Work request =>
I need an exact copy of the lines from the one containing "Informe sobre reporte" through the end of the records, without any pictures.

(Extracted material)

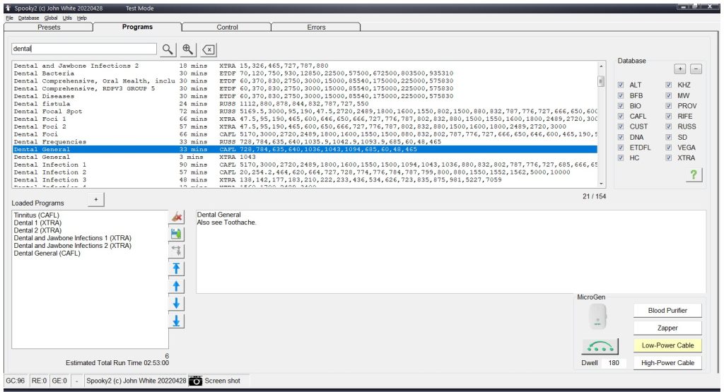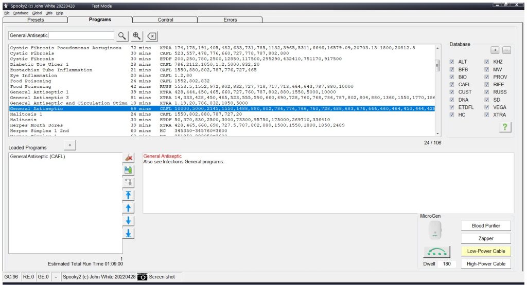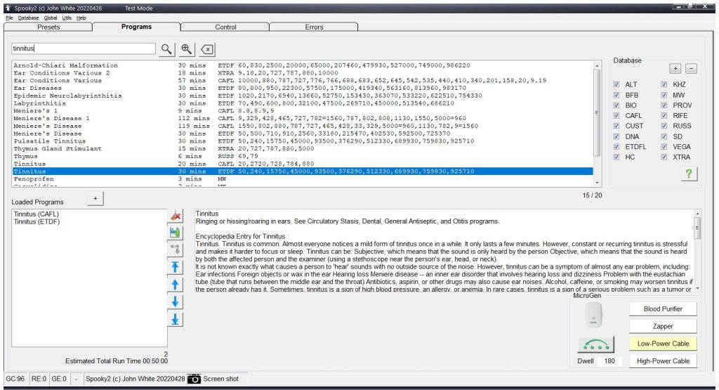 Per aiutare con l’acufene usando la modalità laser freddo Spooky2, devi solo collegare Cold Laser Twin alla porta Out1 del generatore Spooky2, quindi aprire il software Spooky2 e scegliere i programmi adatti da eseguire.
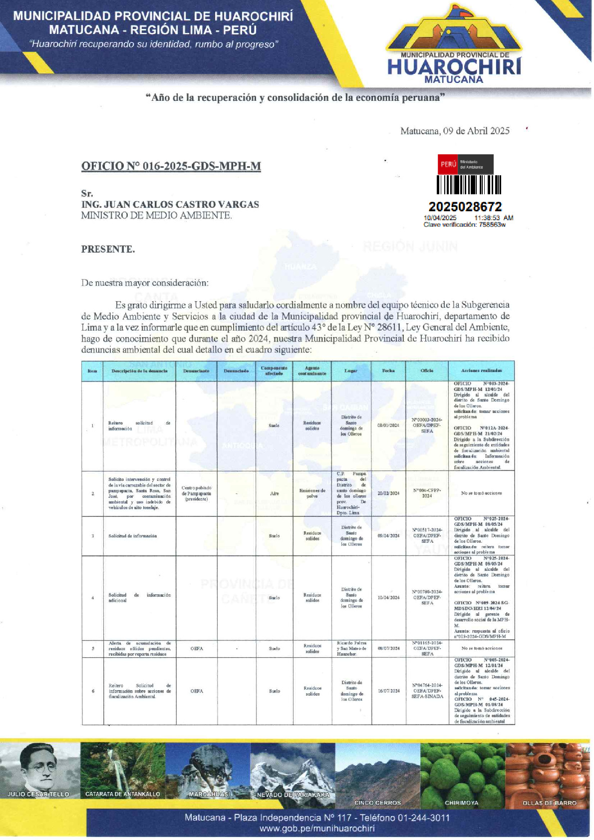 Informe sobre reporte de denuncias ambiental es anuales 2024 Municipalidad Distrital de Huarochiri
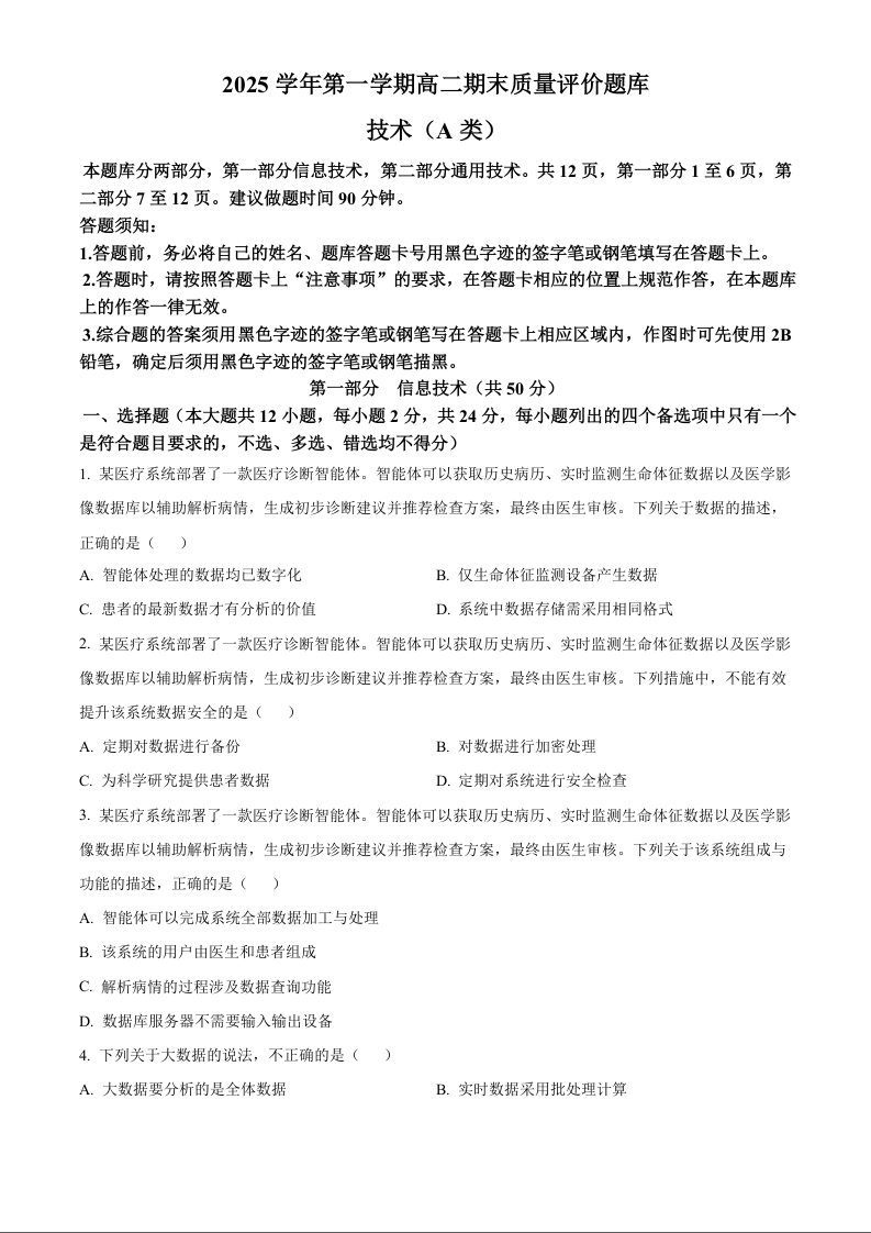 高二技术--浙江省温州市2025-2026学年高二上学期1月期末考试
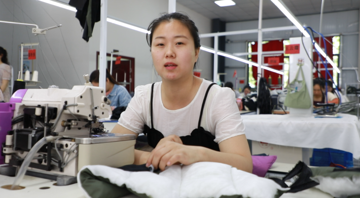 “我以前在无锡上班,但是不能照顾家中的小孩很不方便。回家过春节时听说国机集团在家乡投资建设了服装厂,就报着试试干的想法,现在已经做了两三个月了,感觉工资福利等各方面待遇还可以,接送小孩儿时间也自由,也能照顾点家里”淮滨苏美达第五振兴车间员工付萌萌说。
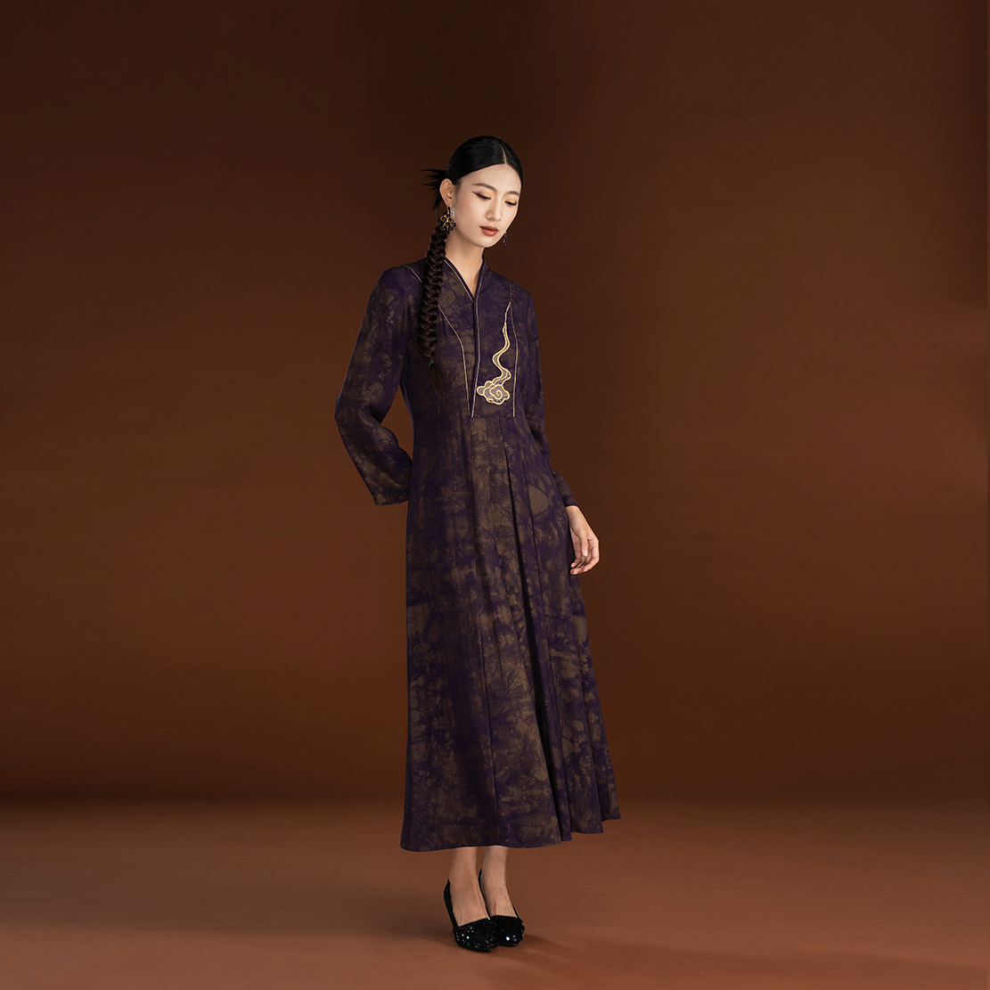 朗姿Basic衣橱 新款 法式 连衣裙冬季 女 高级感丝绒长裙气质修身

(End Extracted material)

Result of the task =>
 Informe sobre reporte de denuncias ambiental es anuales 2024 Municipalidad Distrital de Huarochiri
 高二技术--浙江省温州市2025-2026学年高二上学期1月期末考试
 “我以前在无锡上班,但是不能照顾家中的小孩很不方便。回家过春节时听说国机集团在家乡投资建设了服装厂,就报着试试干的想法,现在已经做了两三个月了,感觉工资福利等各方面待遇还可以,接送小孩儿时间也自由,也能照顾点家里”淮滨苏美达第五振兴车间员工付萌萌说。
 朗姿Basic衣橱 新款 法式 连衣裙冬季 女 高级感丝绒长裙气质修身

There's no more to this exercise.